_What is required_
From top to bottom, print the listing word for word and skip any pictures it contains.

_Supplied material_
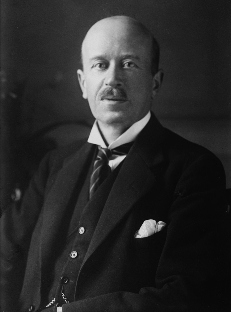 Wothington Evans MP
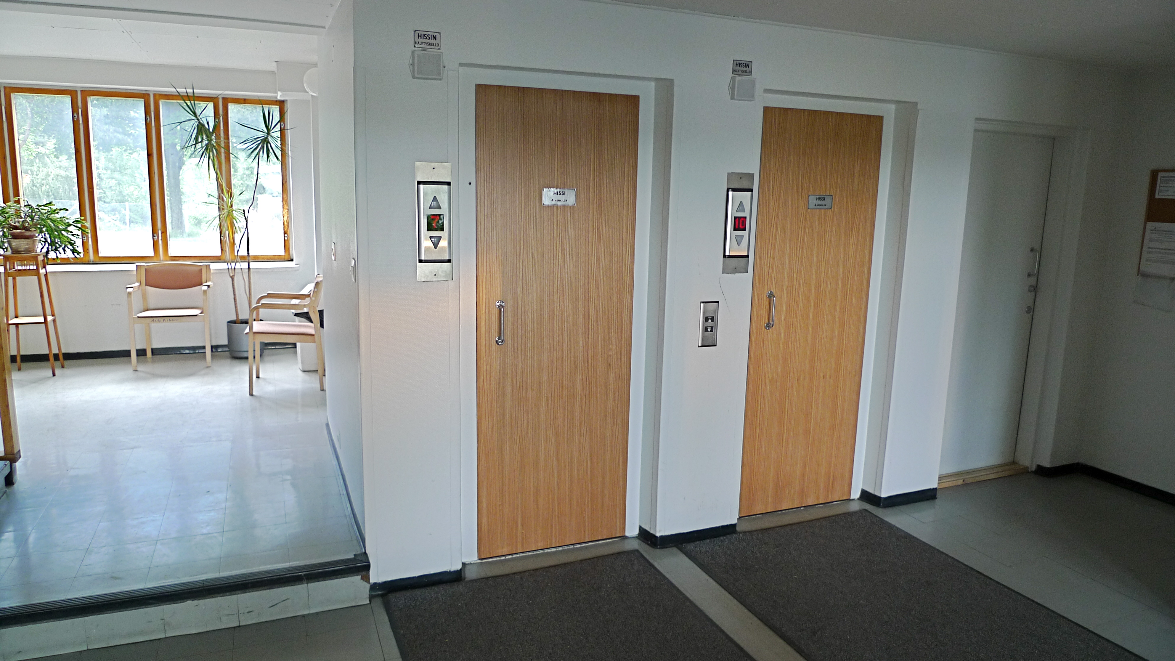 Lobby and the elevator doors of the Viitatorni-building, designer by Alvar Aalto.
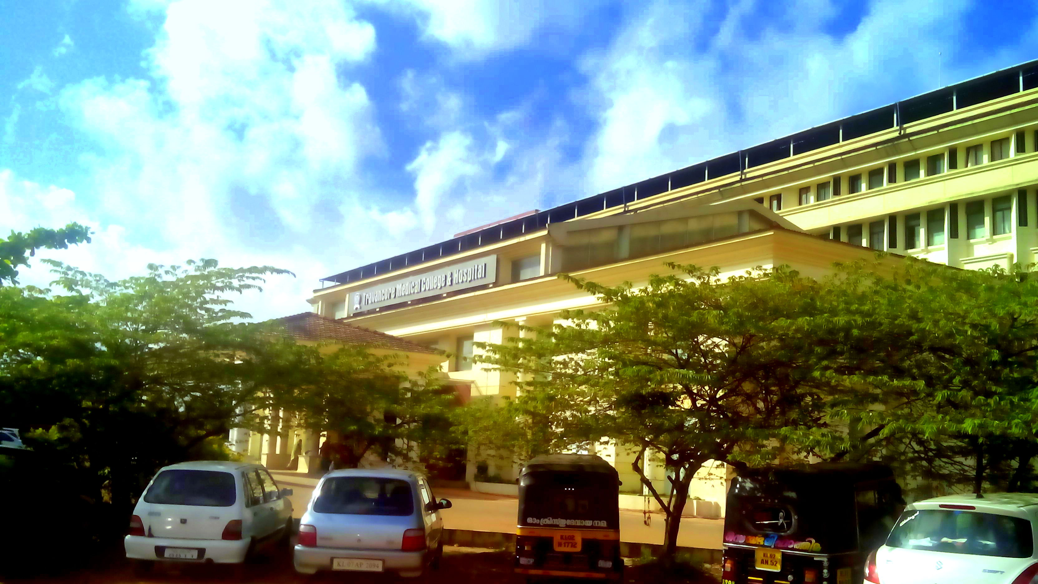 Travancore Medicity Medical College, Kollam - One among the three medical colleges in Kollam city
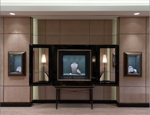 Harry Winston, Moscow

_Task result_
 Wothington Evans MP
 Lobby and the elevator doors of the Viitatorni-building, designer by Alvar Aalto.
 Travancore Medicity Medical College, Kollam - One among the three medical colleges in Kollam city
 Harry Winston, Moscow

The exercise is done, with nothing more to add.